(Dataset content)
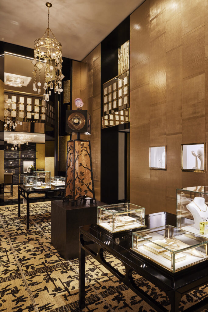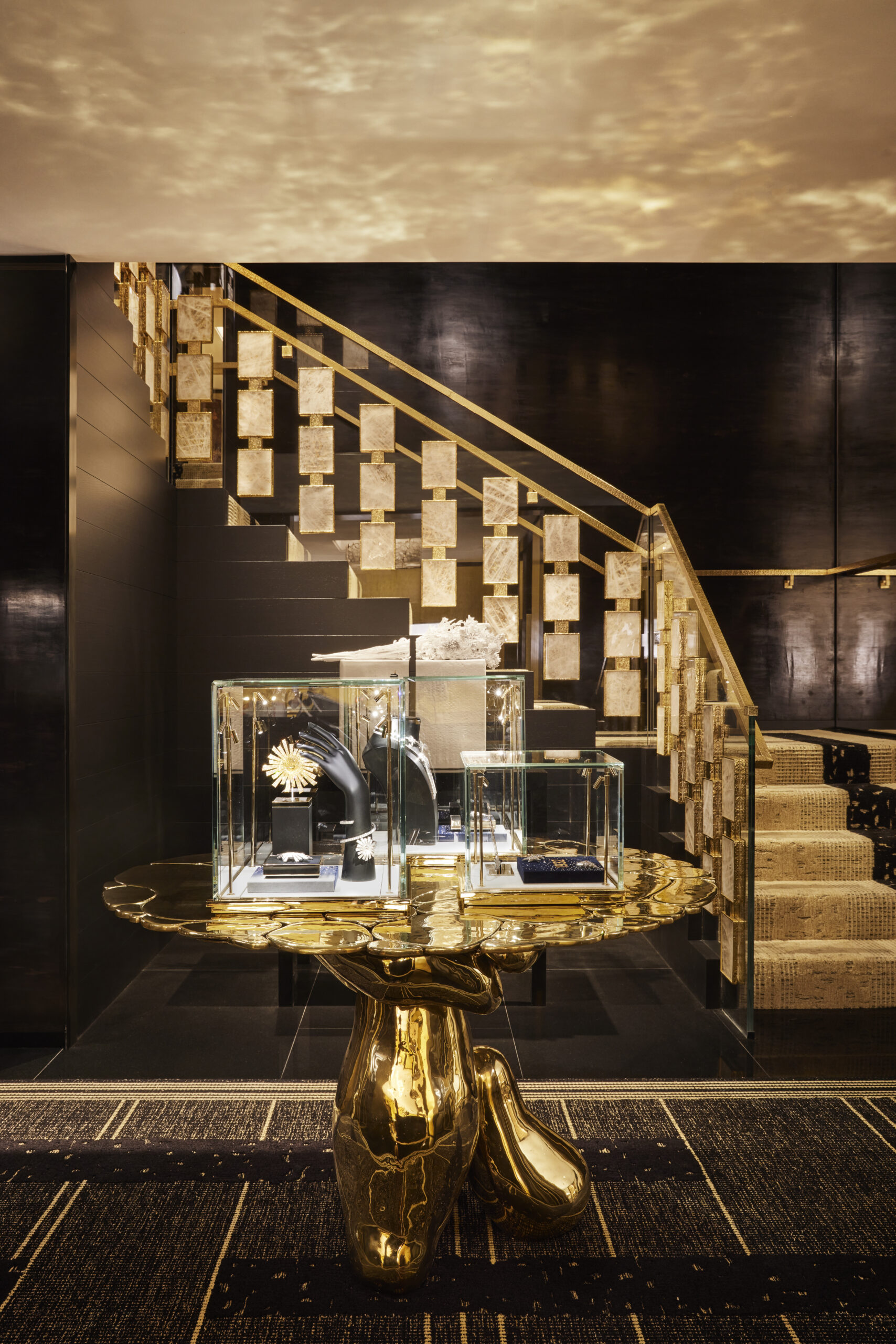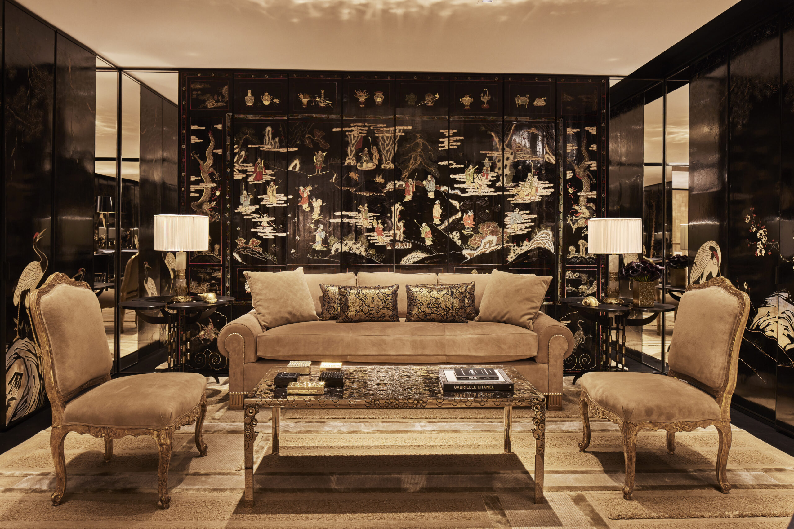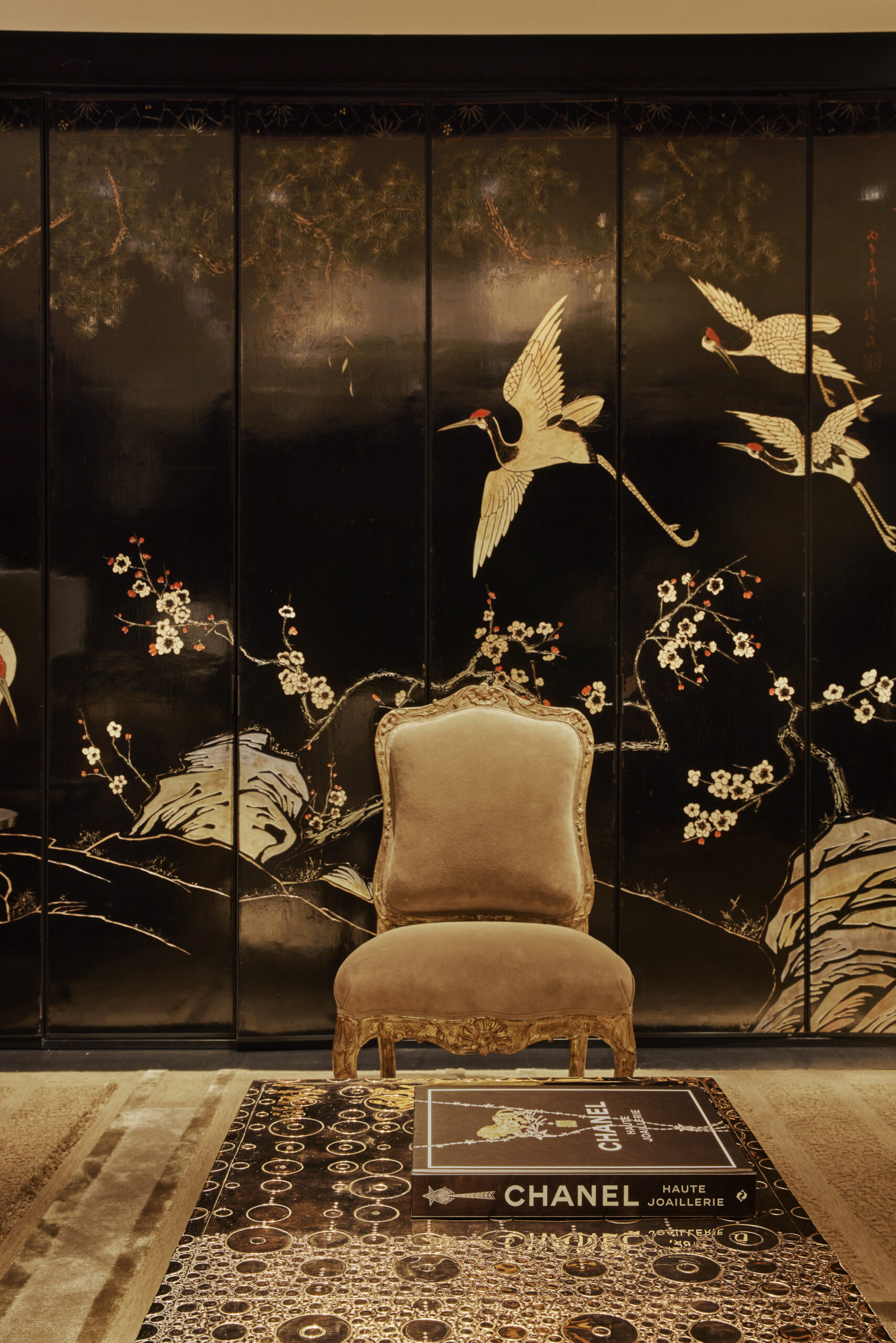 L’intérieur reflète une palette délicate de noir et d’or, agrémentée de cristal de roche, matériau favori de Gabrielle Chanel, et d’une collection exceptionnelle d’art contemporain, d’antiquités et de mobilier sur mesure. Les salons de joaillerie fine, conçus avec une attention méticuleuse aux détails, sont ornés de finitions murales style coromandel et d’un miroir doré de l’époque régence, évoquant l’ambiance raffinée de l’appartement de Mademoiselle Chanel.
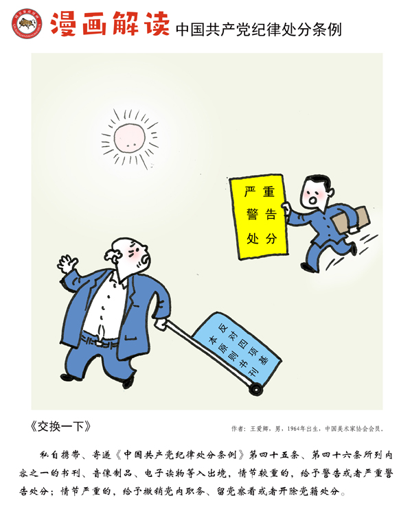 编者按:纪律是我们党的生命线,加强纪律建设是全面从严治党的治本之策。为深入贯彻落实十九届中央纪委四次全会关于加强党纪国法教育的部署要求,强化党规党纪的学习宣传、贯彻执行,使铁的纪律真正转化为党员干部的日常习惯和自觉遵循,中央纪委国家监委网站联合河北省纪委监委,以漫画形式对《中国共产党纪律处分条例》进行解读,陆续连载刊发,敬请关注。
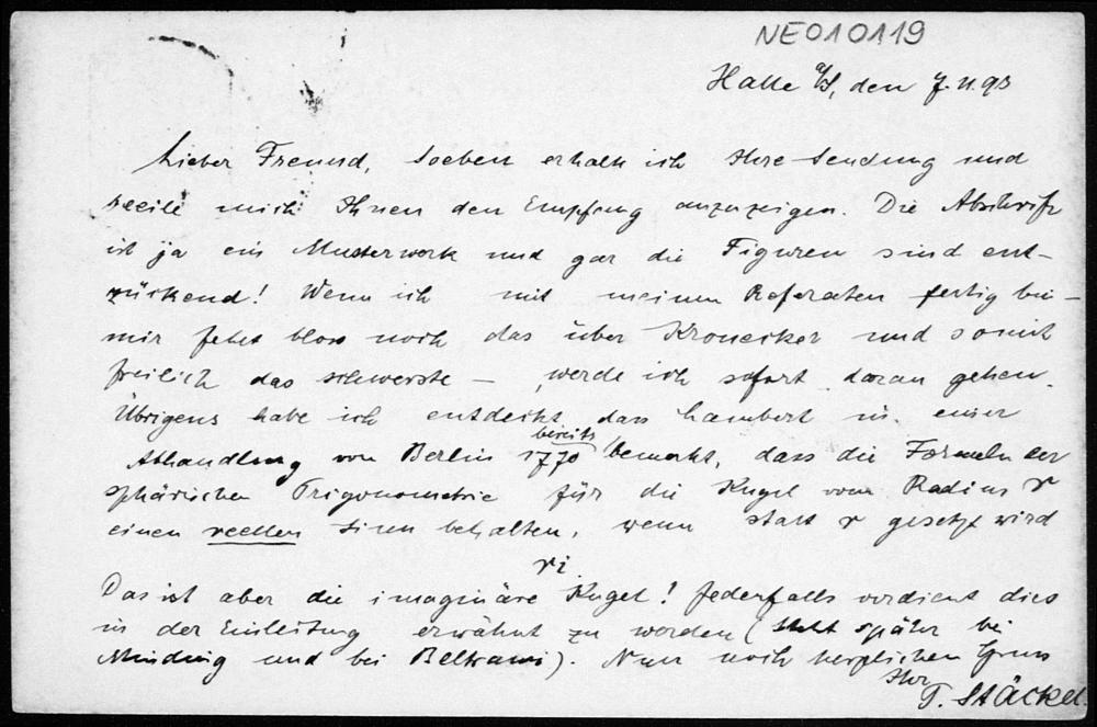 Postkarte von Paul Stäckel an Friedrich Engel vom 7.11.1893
(End Dataset content)
● **What this task involves**:
The line containing "编者按:纪律是我们党的生命线" marks the start: set down exactly that line and every line after it through the last line of the data, without any pictures.

● **Answer**:
 编者按:纪律是我们党的生命线,加强纪律建设是全面从严治党的治本之策。为深入贯彻落实十九届中央纪委四次全会关于加强党纪国法教育的部署要求,强化党规党纪的学习宣传、贯彻执行,使铁的纪律真正转化为党员干部的日常习惯和自觉遵循,中央纪委国家监委网站联合河北省纪委监委,以漫画形式对《中国共产党纪律处分条例》进行解读,陆续连载刊发,敬请关注。
 Postkarte von Paul Stäckel an Friedrich Engel vom 7.11.1893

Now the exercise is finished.